** Opening PROVIDED MATERIAL block **

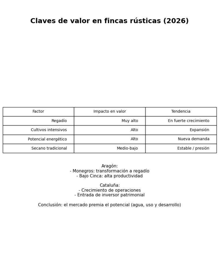 El mercado de fincas rústicas en España vive una transformación silenciosa pero profunda. Tal y como indican los expertos de Fincas Continente, lejos de depender únicamente de la rentabilidad agrícola tradicional, el valor de una finca está cada vez más ligado a factores estructurales como la disponibilidad de agua, la calidad del suelo o su potencial para usos energéticos. Una tendencia que ya se refleja en los datos de compraventa y que sitúa a Aragón y Cataluña en el radar de inversores.
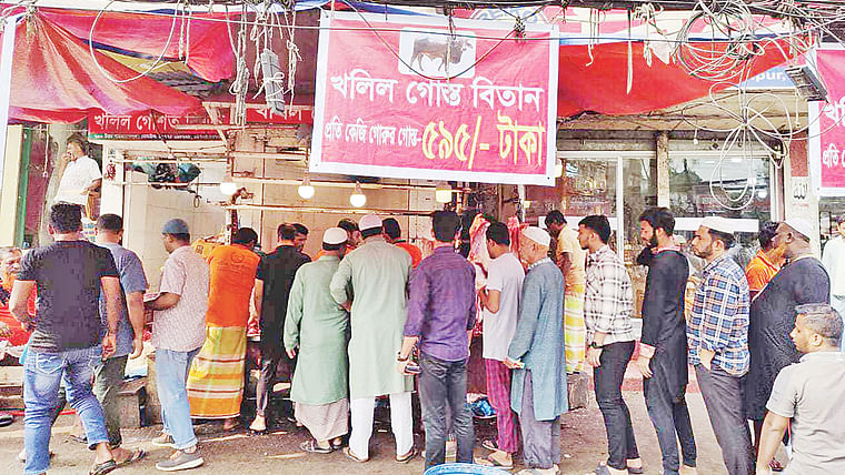 নিজস্ব প্রতিবেদক।।ঢাকার অনেক বাজার ও দোকানে গরুর মাংস প্রতি কেজি ৬০০ টাকায় বিক্রি হচ্ছে।কিছু দোকানে এর চেয়েও কম দামে গরুর মাংস পাওয়া যাচ্ছে।অতিরিক্ত দাম হওয়ার কারণে যাঁরা অনেক দিন গরুর মাংস কেনেননি, তাঁদের অনেকেই এখন মাংসের দোকানে ভিড় জমাচ্ছেন।তবে তুলনামূলক এই কম দামে গরুর মাংস আর কত দিন বিক্রি করা যাবে,সে ব্যাপারে বিক্রেতারা নিশ্চিত নন।
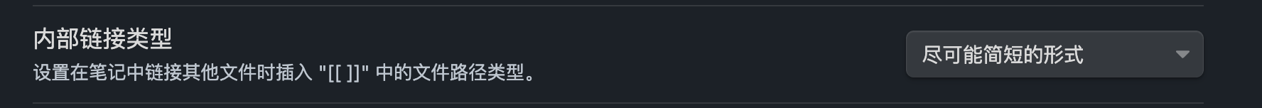 • 在其中的「内部链接类型(New link format)」选项中,选择「基于当前笔记的相对路径(Relative path to file)」
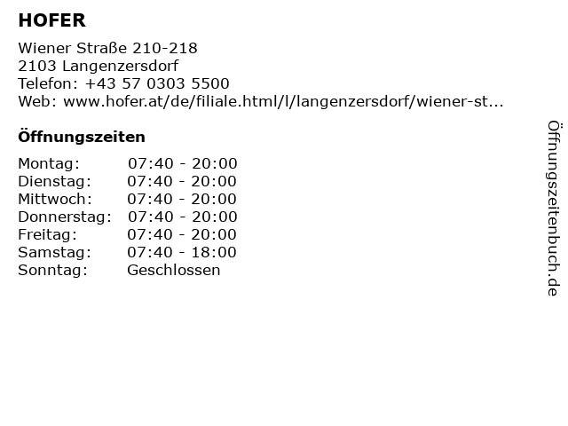 | Öffnungszeiten HOFER in Langenzersdorf anzeigen | |
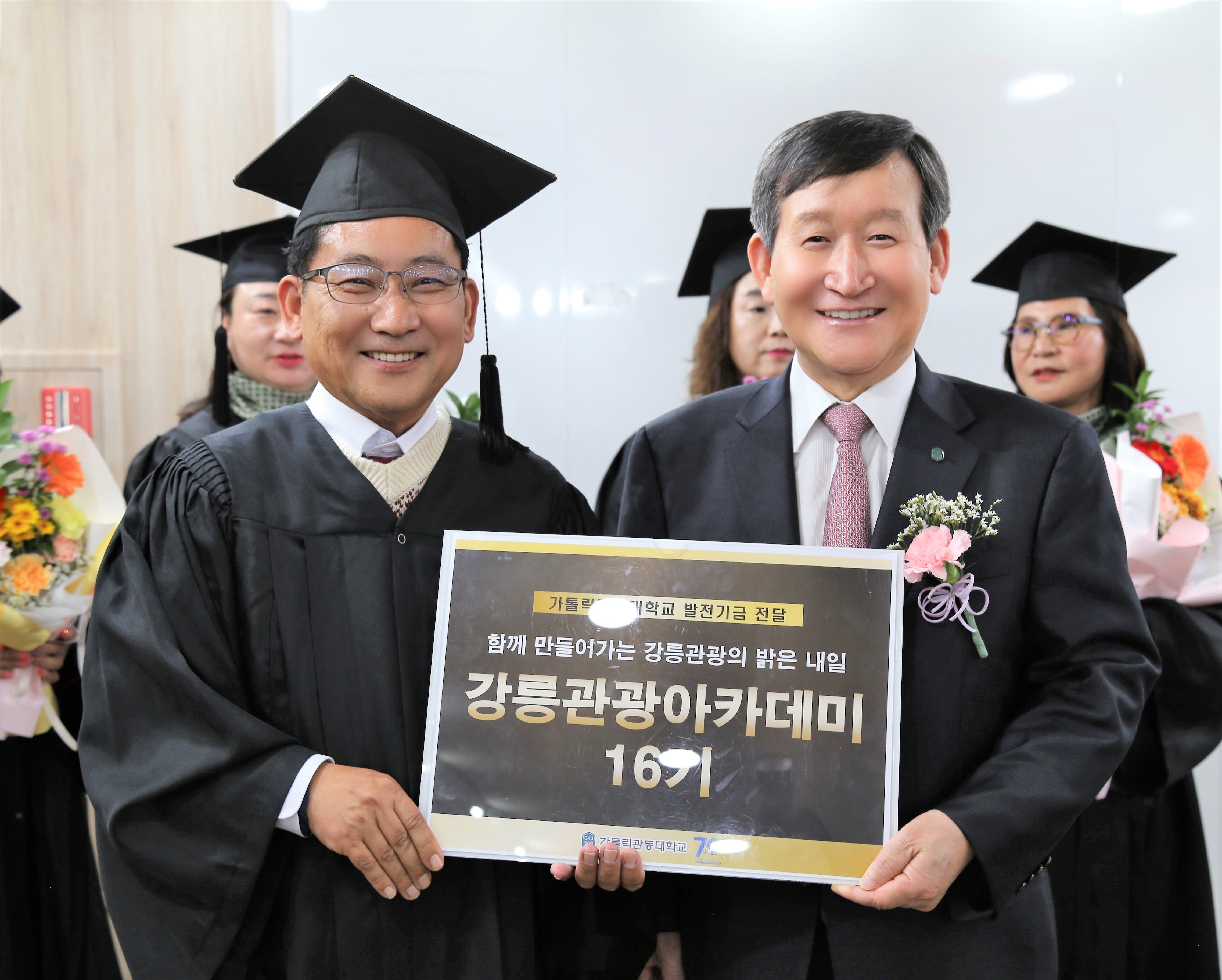 이날 수료식에서는 모범상에 최희정, 개근상에 표기준, 공로상에 김복남·김정숙·김정옥(김미서)·박규례·전숙희·전인수·조경임 씨가 각각 수상했다. 또한 강릉관광아카데미 총원우회 서동진 회장과 공로상 수상자 일동이 대학 발전기금을 전달하며 지역과 대학의 상생 의지를 함께 다졌다.

** Closing PROVIDED MATERIAL block **

Write down exactly the lines running from the line with "path to file)」" through the end of the material, both ends included, and none of the pictures.

 • 在其中的「内部链接类型(New link format)」选项中,选择「基于当前笔记的相对路径(Relative path to file)」
 | Öffnungszeiten HOFER in Langenzersdorf anzeigen | |
 이날 수료식에서는 모범상에 최희정, 개근상에 표기준, 공로상에 김복남·김정숙·김정옥(김미서)·박규례·전숙희·전인수·조경임 씨가 각각 수상했다. 또한 강릉관광아카데미 총원우회 서동진 회장과 공로상 수상자 일동이 대학 발전기금을 전달하며 지역과 대학의 상생 의지를 함께 다졌다.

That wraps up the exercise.